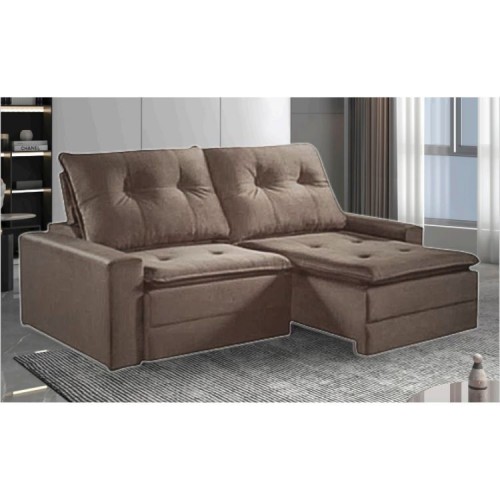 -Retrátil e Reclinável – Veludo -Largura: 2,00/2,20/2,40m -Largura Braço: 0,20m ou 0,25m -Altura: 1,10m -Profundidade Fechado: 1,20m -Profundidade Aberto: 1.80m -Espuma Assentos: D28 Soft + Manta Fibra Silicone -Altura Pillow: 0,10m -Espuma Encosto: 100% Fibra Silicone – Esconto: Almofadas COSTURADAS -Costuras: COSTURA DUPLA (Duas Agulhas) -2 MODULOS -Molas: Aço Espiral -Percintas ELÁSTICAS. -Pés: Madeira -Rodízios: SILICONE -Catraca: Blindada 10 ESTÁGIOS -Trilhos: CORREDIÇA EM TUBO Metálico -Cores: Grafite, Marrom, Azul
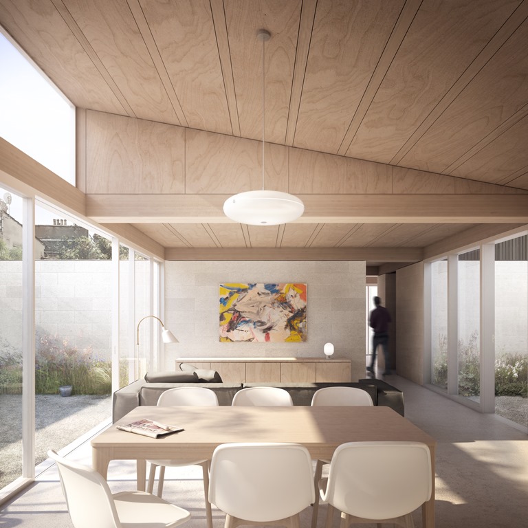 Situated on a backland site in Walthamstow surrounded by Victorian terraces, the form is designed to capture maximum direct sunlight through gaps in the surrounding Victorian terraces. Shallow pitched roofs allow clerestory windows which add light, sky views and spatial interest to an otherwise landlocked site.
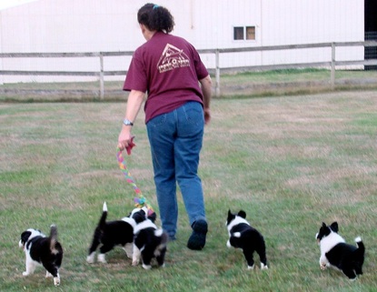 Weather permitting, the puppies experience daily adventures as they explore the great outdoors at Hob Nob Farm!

WHAT YOU SHOULD DO: Restate each line above exactly, keeping pictures out.

RESPONSE TO THE EXERCISE:
 -Retrátil e Reclinável – Veludo -Largura: 2,00/2,20/2,40m -Largura Braço: 0,20m ou 0,25m -Altura: 1,10m -Profundidade Fechado: 1,20m -Profundidade Aberto: 1.80m -Espuma Assentos: D28 Soft + Manta Fibra Silicone -Altura Pillow: 0,10m -Espuma Encosto: 100% Fibra Silicone – Esconto: Almofadas COSTURADAS -Costuras: COSTURA DUPLA (Duas Agulhas) -2 MODULOS -Molas: Aço Espiral -Percintas ELÁSTICAS. -Pés: Madeira -Rodízios: SILICONE -Catraca: Blindada 10 ESTÁGIOS -Trilhos: CORREDIÇA EM TUBO Metálico -Cores: Grafite, Marrom, Azul
 Situated on a backland site in Walthamstow surrounded by Victorian terraces, the form is designed to capture maximum direct sunlight through gaps in the surrounding Victorian terraces. Shallow pitched roofs allow clerestory windows which add light, sky views and spatial interest to an otherwise landlocked site.
 Weather permitting, the puppies experience daily adventures as they explore the great outdoors at Hob Nob Farm!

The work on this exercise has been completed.